Figure 10a shows a spheroid cultured in the microwell with large magnification. Spheroid-derived cells display an invasion process that is expected by U-87 MG cell type and indicates that the spheroid formed in the microwells can be phenotypically used for various studies. Since the microwell shape is six-sided, the spheroid appears to have taken the shape of a container during cell aggregation. Figure 10b–e shows the result of the viability assay using AO/PI staining after 4 days of spheroid formed. Green color for merged image illustrates the high percentage of live cells versus dead cells. Based on the image analysis, it was estimated that the viability of the cells of the proliferating layer was over 90%.

Figure 10
figure 10

(a) The spheroid appears to have taken the shape of the container (hexagonal shape) during cell aggregation. (be) The result of the viability assay using AO/PI staining after 4 days of spheroid formed. Green color for merged image illustrates the high percentage of live cells versus dead cells.

Conclusions

In the present study, we developed a new method for fabrication of a large size master mold containing high-resolution 3D microstructures. Manufacturing of high-resolution and low-resolution components was carried out using the lab-made PµSL 3D printer and the CNC micro-milling methods, respectively.
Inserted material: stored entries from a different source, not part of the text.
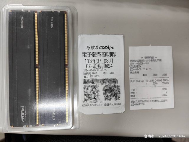 標題[賣/台南/面交] 美光DDR5 6000 24Gx2 雙通
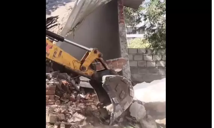 Several illegal structures were constructed by some encroachers along the road no.4 in Arvind enclave
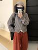 Pequeno cardigan camisola com capuz solto para as mulheres outono e inverno Novo estilo coreano curto duplo zíper top tricotado M5689
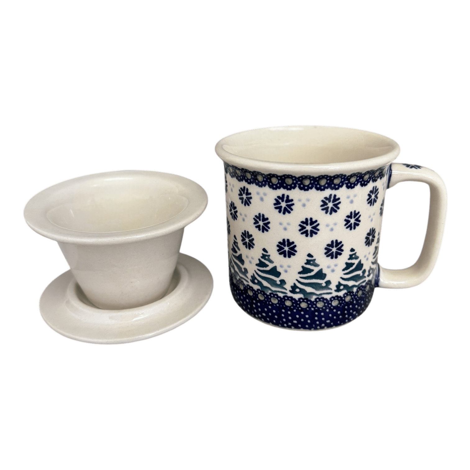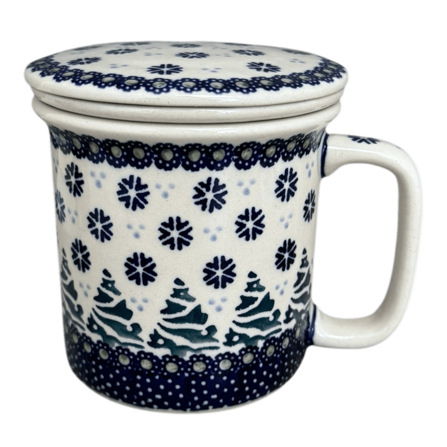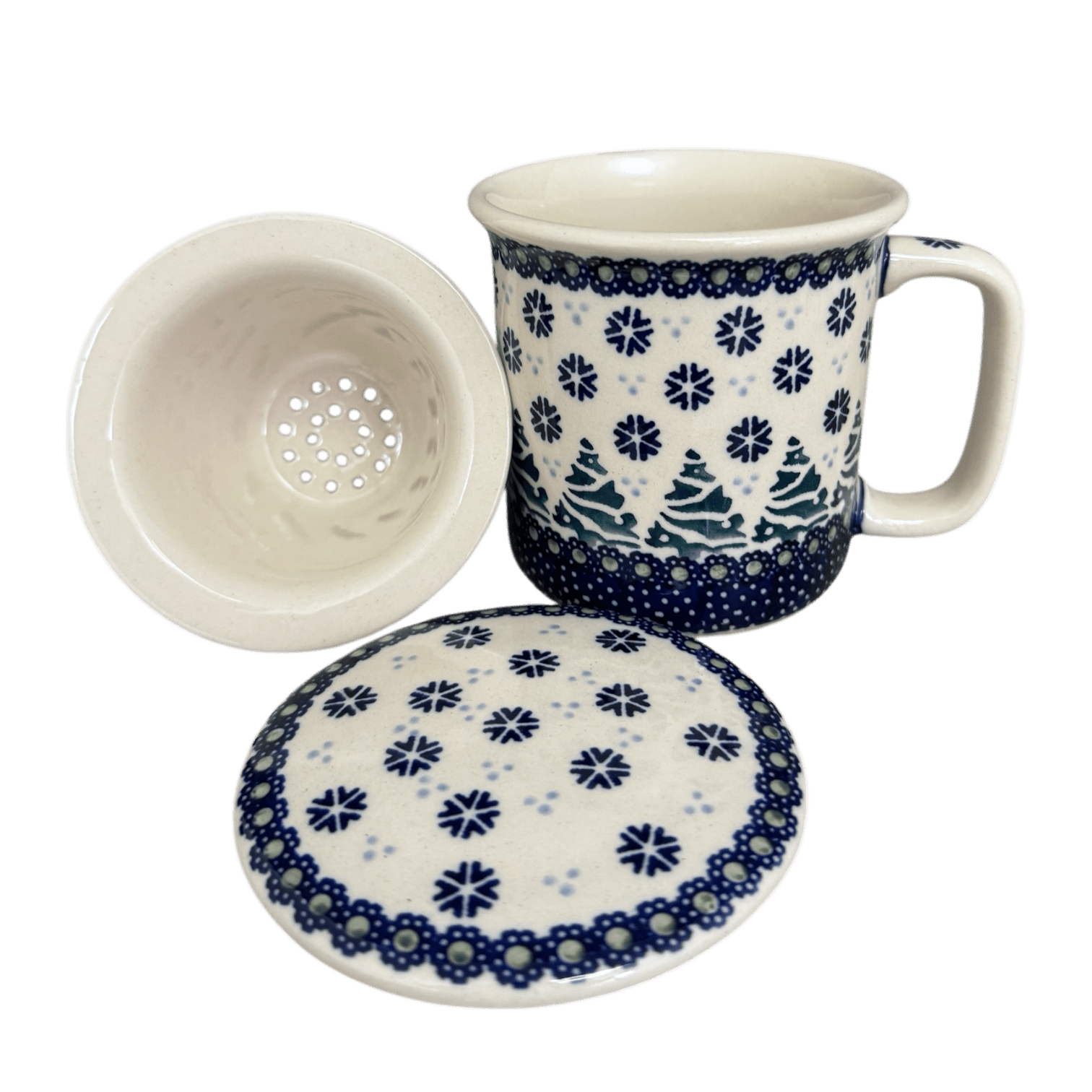 Imagine sipping your favorite tea from a mug that not only keeps your brew perfectly warm but also adds a dash of artistic flair to your day! Introducing the Polish Pottery Mug, Tea Infuser Mug, 12 oz, from Manufaktura in the enchanting "Snowy Pines" pattern. This delightful three-piece set is designed for the ultimate tea experience, whether you prefer the robust flavors of loose-leaf or the convenience of bagged tea. Simply add your chosen tea to the infuser, pour in boiling water, and use the cleverly designed lid to cover your mug, ensuring your tea stays hot as it steeps. If you're using a tea bag, the lid doubles as a chic little tray for it once your tea has steeped to perfection.
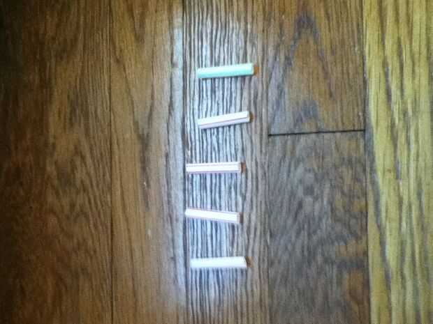 a continuación, vas a querer cortar la paja de cinco piezas de aproximadamente una pulgada. (Bono de puntos si usted anota una pajita verde: P)

In the next step, fabricated components assembled to form a master mold, which is employed for PDMS casting. To evaluate this approach, we used it to make a conical microwell-based microfluidic chip for generating tumor spheroid. The microwell depth directly affects the shear stress of fluid flow and diffusion of the reagents. Accordingly, to investigate the effect of depth on the spheroid formation, we developed chips with various microwell depths. Experimental results showed, as the depth of the microwell increases, the number of cells captured in the microwell increases, and the probability of the cell escaping due to fluid flow decreases. But at a depth of greater than 300 μm, the numerical simulation results indicated that a secondary flow is generated in the microwell. Secondary flow prevents the escape of cells from the microwells, but at the same time limits the exchange of nutrients, oxygen, and excretory materials between the cells and the fluid flow. Also, in deep microwells, spheroids can be located at different distances from the microwell bottom, so not all microwells can be imaged simultaneously. In this case, the focal position of the microscope must be adjusted separately for each microwell. According to experimental and numerical results, a depth of 300 μm was selected as the optimal microwell depth to generate the spheroid. The results exhibited that at a depth of 300 μm, this platform enabled tumor spheroids culture with uniform structure. Ultimately, using the established method, it is possible to construct the desired microfluid high-resolution chip with customized size. Furthermore, the developed microwell chip is a promising tool for the practical formation of spheroids in biological laboratories to evaluate anticancer drugs' effectiveness.